* _REQUIREMENT_:
Set down exactly the lines below between the line holding "Polymer Blend Compatabilizing" and the line holding "Cette carte postale", inclusive; no other line belongs in the answer.

* _LISTED RECORDS_:
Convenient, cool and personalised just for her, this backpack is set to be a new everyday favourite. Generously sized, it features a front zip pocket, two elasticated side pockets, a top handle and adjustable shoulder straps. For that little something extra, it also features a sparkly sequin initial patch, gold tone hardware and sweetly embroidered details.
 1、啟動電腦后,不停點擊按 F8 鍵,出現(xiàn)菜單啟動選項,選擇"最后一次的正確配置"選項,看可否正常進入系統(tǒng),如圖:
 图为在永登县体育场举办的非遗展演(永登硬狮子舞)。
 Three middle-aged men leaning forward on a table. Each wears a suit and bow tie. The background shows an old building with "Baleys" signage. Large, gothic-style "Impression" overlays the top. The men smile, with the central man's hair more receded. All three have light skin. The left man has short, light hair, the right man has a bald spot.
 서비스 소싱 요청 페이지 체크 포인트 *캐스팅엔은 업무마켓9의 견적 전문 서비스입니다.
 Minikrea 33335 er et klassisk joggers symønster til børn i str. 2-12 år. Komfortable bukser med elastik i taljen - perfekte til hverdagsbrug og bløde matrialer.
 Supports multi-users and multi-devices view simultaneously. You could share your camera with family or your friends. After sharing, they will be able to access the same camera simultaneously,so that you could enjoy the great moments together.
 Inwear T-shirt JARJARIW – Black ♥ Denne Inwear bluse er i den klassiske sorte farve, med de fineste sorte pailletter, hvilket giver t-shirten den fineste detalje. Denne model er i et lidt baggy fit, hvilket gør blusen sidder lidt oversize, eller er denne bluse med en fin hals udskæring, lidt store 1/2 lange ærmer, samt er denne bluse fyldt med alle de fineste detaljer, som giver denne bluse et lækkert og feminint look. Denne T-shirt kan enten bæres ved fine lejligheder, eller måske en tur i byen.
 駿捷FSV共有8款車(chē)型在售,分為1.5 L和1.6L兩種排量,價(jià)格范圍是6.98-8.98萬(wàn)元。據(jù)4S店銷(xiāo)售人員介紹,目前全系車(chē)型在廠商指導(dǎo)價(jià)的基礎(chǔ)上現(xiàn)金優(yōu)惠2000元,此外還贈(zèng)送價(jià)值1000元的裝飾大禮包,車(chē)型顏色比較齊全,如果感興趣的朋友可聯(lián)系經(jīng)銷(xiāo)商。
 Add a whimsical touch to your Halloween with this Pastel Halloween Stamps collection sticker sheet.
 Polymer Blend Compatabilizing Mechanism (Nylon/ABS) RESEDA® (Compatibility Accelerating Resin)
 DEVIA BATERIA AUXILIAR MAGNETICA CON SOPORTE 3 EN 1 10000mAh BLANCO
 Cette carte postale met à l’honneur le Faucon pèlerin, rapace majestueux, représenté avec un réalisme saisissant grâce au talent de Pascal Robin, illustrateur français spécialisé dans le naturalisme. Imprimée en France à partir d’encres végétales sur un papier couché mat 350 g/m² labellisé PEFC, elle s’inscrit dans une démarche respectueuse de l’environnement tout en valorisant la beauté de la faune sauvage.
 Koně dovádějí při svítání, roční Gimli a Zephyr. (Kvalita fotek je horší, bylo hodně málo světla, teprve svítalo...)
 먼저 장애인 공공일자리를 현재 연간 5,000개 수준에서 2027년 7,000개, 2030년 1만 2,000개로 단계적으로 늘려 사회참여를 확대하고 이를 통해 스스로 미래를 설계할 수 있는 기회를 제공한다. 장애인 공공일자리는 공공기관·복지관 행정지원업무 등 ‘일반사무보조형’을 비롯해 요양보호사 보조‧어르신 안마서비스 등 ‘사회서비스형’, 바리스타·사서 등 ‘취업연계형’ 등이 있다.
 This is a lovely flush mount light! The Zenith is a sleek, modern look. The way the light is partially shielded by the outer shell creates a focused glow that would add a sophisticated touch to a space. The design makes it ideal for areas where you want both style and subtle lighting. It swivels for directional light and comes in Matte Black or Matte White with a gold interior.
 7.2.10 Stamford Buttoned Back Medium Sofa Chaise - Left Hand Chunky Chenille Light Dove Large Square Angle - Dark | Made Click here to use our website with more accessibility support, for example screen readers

* _WORKED SOLUTION_:
 Polymer Blend Compatabilizing Mechanism (Nylon/ABS) RESEDA® (Compatibility Accelerating Resin)
 DEVIA BATERIA AUXILIAR MAGNETICA CON SOPORTE 3 EN 1 10000mAh BLANCO
 Cette carte postale met à l’honneur le Faucon pèlerin, rapace majestueux, représenté avec un réalisme saisissant grâce au talent de Pascal Robin, illustrateur français spécialisé dans le naturalisme. Imprimée en France à partir d’encres végétales sur un papier couché mat 350 g/m² labellisé PEFC, elle s’inscrit dans une démarche respectueuse de l’environnement tout en valorisant la beauté de la faune sauvage.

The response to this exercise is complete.